Standard IGF-1 blood tests measure total circulating IGF-1. They are useful. A low IGF-1 after four weeks on ipamorelin or CJC-1295 at standard doses is a clear signal of either GHSR bottleneck (the peptide cannot trigger GH release), fl/fl GHR status (the GH-to-IGF1 conversion is inefficient), or STAT5B insufficiency.

The test misses the IGF1R and IGFBP-3 picture entirely.
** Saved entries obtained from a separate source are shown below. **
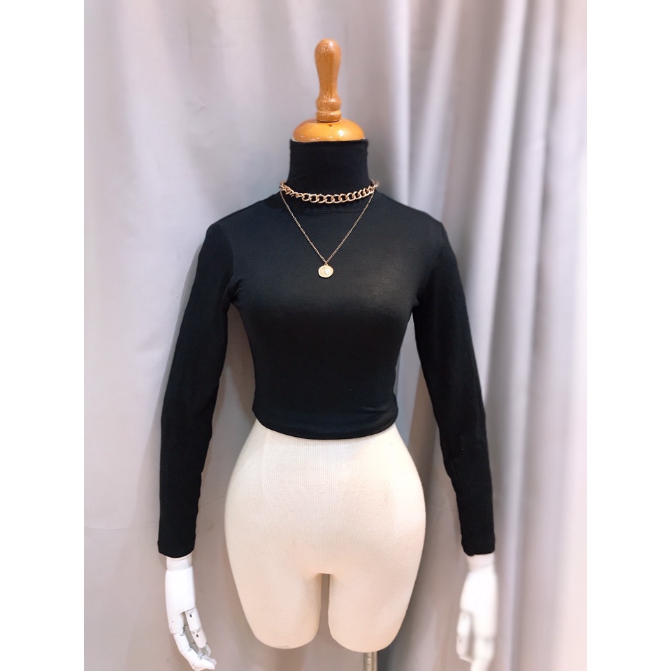 Áo Cổ Lọ Croptop Tay Dài Bigsize Nữ Chất Thun Cotton Trơn Co Giãn 4 Chiều Dưới 80Kg "CROP CL"
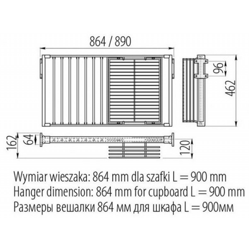 Вешалка для брюк + корзина 864x460x170 WW-WSPK90 - система хранения одежды, состоящая из удобного держателя и специальной емкости. КОМПЛЕКТАЦИЯ Шариковые направляющие неполного выдвижения – 2 шт. ПРЕИМУЩЕСТВА Благодаря направляющим, вешалка легко выдвигается из шкафа и убирается обратно. Противоскользящее покрытие прутьев исключает случайное падение одежды. Шесть перекладин позволяют хранить одновременно несколько брюк. Вместительная корзина обеспечивает хранение вещей, не требующих глажки. Вешалка для брюк + корзина 864x460x170 WW-WSPK90 от бренда GTV, артикул: WW-WSPK90-01, каталог Выдвижные вешалки и штанги. Этот продукт вы можете приобрести или заказать в магазине ПрототиП, ресурс Prototip.by по прекрасной цене.
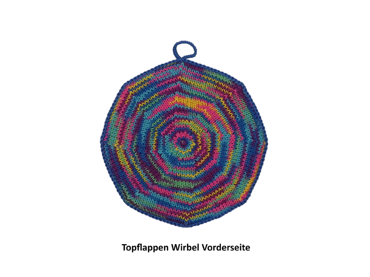 Dies ist eine Anleitung zur Herstellung eines gestrickten Topflappens in achteckiger Form.
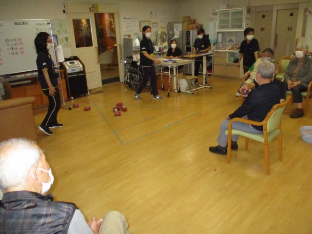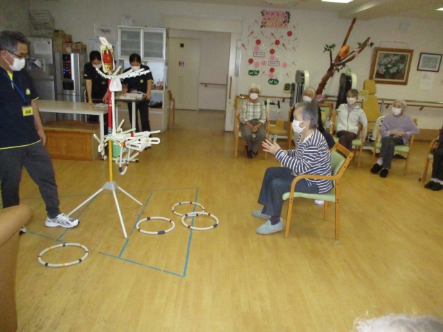 今日の運動レクレーションは『輪投げ』です。上手く出来るかな・・・

You can have normal-to-high circulating IGF-1 and still see blunted tissue effects if your IGF1R variant is reducing receptor sensitivity at the cell level, or if low IGFBP-3 is clearing IGF-1 before it reaches target tissues. This explains why some users report feeling little from MK-677 despite bloodwork showing their IGF-1 climbed from 150 to 280 ng/mL. Their liver responded. Their cells did not.

Gene Variant That Boosts Response Variant That Limits Response What It Affects Practical Fix for Low-Response Variant
GHSR Full-function receptor Loss-of-function variants Whether ghrelin-mimetics can trigger GH release Switch to CJC-1295 (GHRH receptor, not GHSR)
GHR (Exon 3) d3/d3 deletion fl/fl full-length IGF-1 production per GH pulse (up to 56% difference) Increase dosing frequency, not per-dose amount
IGF1R (rs2229765) Arg/Arg (G/G) His/His (A/A) Cell-level sensitivity to circulating IGF-1 Bloodwork alone will not identify this; use genetic testing
IGFBP3 (rs2854744) A/A (high IGFBP-3) C/C (low IGFBP-3) IGF-1 half-life and active window length Split dose across more daily administrations
High Responders

If growth peptides are working better than expected, monitor your IGF-1 levels

d3/d3 carriers and those with efficient GHSR function can push IGF-1 into ranges above 350 to 400 ng/mL on doses designed for the population average. That sounds like a win. But there is context worth knowing.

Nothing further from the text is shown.